Primary Key: A Unique identifier that cannot be repeated or used again
Foreign Key: A key that is a primary key within another table and links two tables
Not Null: No null data inputs allowed
Integer: Numerical data input only
Date: Dates and time
Varchar: Allows varying characters and special symbols

To begin the process this SQL script was run:

 CREATE TABLE customers 
(customer_id INTEGER 
	CONSTRAINT cust_customer_id_pk PRIMARY KEY 
 ,f_name VARCHAR NOT NULL
 ,l_name VARCHAR NOT NULL
 ,street_address VARCHAR(100) 
 ,zip_code INTEGER
 ,state_province VARCHAR (2) 
 ,dob DATE NOT NULL 
 ,phone VARCHAR (12) NOT NULL UNIQUE  
 ,email VARCHAR (50) NOT NULL UNIQUE 
 ,gender VARCHAR (1)
 );

This Is the Customer table. Customer_id is set as the Primary Key and data types were determined based on the type of data that each column would house with respective limits as well.
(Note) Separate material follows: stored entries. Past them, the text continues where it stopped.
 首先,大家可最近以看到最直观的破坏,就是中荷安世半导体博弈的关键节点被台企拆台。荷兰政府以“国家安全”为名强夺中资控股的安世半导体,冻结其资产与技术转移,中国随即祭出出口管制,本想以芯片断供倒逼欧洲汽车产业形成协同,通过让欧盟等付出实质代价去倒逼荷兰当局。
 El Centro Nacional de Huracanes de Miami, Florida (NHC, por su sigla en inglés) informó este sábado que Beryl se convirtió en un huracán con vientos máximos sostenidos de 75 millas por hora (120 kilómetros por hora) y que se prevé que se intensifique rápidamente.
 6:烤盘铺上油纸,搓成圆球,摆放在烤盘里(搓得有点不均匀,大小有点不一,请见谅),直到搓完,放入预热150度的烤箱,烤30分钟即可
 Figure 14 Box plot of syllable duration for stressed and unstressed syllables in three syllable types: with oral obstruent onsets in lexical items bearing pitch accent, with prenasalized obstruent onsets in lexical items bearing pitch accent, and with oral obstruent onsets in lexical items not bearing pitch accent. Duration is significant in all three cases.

Within the customer table, the following information would be housed whenever a customer purchases an insurance policy

Customer ID is a unique numerical ID given to each customer
First and last name
Address, state, and zip code
Date of birth
phone number
email
Gender

While doing research the information above is typically information insurance quotes prompt for when generating quotes.

Each column name is based on the type of information that the column would have. For example, the f_name column contains customers first name, This naming convention will be applied to all tables.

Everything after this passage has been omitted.